Il faudra peut-être des années avant de parvenir à ce type de conclusion, mais les experts affirment que l’audience judiciaire en cours pourrait permettre de mettre un terme à l’attaque incessante d’Israël contre Gaza en quelques semaines.

D’un autre côté, il est possible que rien ne se passe.

Les experts estiment qu’une fois que l’affaire aura été portée devant le Conseil de sécurité de l’ONU, les États-Unis y opposeront probablement leur veto. En effet, un scénario dans lequel Israël serait reconnu coupable de génocide pourrait également impliquer les dirigeants américains qui ont fourni leurs armes à l’armée israélienne.

Si l’on en croit les protestations mondiales en faveur de la liberté des Palestiniens, ce résultat potentiel est susceptible de provoquer une indignation mondiale.

Pour beaucoup, cela pourrait bien remettre en question quel est exactement le but des organes directeurs internationaux comme l’ONU, la CIJ et la CPI.

 

Observer la situation dans son ensemble

Si rien n’est fait, l’attaque sans précédent d’Israël contre Gaza pendant 96 jours a des implications plus larges pour les générations actuelles et futures.

Même si quiconque n’est pas immédiatement touché par la guerre, les bombardements ou l’occupation peut croire qu’il ne le sera jamais, tout cas où des actes de génocide peuvent être perpétrés sans l’intervention de l’ONU ou de l’ICCJ suggère que les dirigeants mondiaux et les personnalités militaires peuvent faire de même. ils plaisent sans crainte d’être examinés.

Si nous vivons dans cette réalité, aucun d’entre nous n’est jamais véritablement protégé face à l’injustice.

Lorsque l'armée d'un pays peut anéantir le paysage d'un autre pays, expulser ses habitants de leur patrie, anéantir tous les membres de familles multigénérationnelles et priver toute personne encore en vie de ses droits humains à l'eau, à la nourriture et à un abri – tout en étant incontrôlée ou incontestée – c'est Il est difficile d’affirmer que nos accords universels et juridiques concernant le concept des droits de l’homme sont gravement compromis.

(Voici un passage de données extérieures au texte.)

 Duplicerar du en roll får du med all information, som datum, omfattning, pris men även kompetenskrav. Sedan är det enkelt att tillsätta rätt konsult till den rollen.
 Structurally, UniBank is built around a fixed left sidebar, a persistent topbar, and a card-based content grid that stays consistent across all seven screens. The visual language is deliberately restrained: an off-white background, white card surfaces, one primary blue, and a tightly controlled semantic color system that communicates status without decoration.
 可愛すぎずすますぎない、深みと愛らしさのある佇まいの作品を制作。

Devant le tribunal, les représentants légaux de l’Afrique du Sud n’ont pas manqué de le souligner. Ils ont déclaré que cette affaire est une excellente occasion pour la Cour internationale de Justice de montrer pourquoi la convention sur le génocide a été créée en premier lieu – et d’honorer les valeurs humanitaires reconnues par les pays du monde et inscrites dans le droit international.

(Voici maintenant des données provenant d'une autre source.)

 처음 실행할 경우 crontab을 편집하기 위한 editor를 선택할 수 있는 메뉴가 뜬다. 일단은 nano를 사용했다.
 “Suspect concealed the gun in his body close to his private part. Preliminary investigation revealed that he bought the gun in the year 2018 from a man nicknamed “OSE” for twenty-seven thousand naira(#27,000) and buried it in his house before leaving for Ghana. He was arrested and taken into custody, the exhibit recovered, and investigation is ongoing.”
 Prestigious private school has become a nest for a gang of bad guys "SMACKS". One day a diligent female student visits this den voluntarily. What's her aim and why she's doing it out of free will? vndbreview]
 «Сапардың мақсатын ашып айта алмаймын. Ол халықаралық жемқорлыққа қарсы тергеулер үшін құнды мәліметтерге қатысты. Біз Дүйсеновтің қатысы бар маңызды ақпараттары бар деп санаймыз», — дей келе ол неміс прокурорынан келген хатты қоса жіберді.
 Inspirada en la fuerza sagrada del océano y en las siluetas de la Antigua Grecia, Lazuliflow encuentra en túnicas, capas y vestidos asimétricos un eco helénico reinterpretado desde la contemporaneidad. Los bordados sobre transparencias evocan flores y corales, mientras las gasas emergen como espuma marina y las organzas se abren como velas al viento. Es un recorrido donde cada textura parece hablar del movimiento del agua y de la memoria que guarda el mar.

Il y a quelque chose d’extrêmement poétique dans le fait que l’Afrique du Sud, un pays qui s’est unifié tout en portant encore les cicatrices de 46 ans d’apartheid, est le premier à exprimer une véritable solidarité avec les Palestiniens de Gaza.

Tandis que le reste des dirigeants les plus puissants du monde votaient contre ou s’abstenaient totalement de voter en faveur de la fin des bombardements israéliens, l’Afrique du Sud s’est prononcée – même en dépit de ses efforts remarquables. alliance historique avec Israël.

Aujourd’hui, la solidarité de l’Afrique du Sud a apporté une lueur d’espoir pour la justice humanitaire internationale et, surtout, pour le peuple palestinien.

Demain, nous entendrons la défense d’Israël.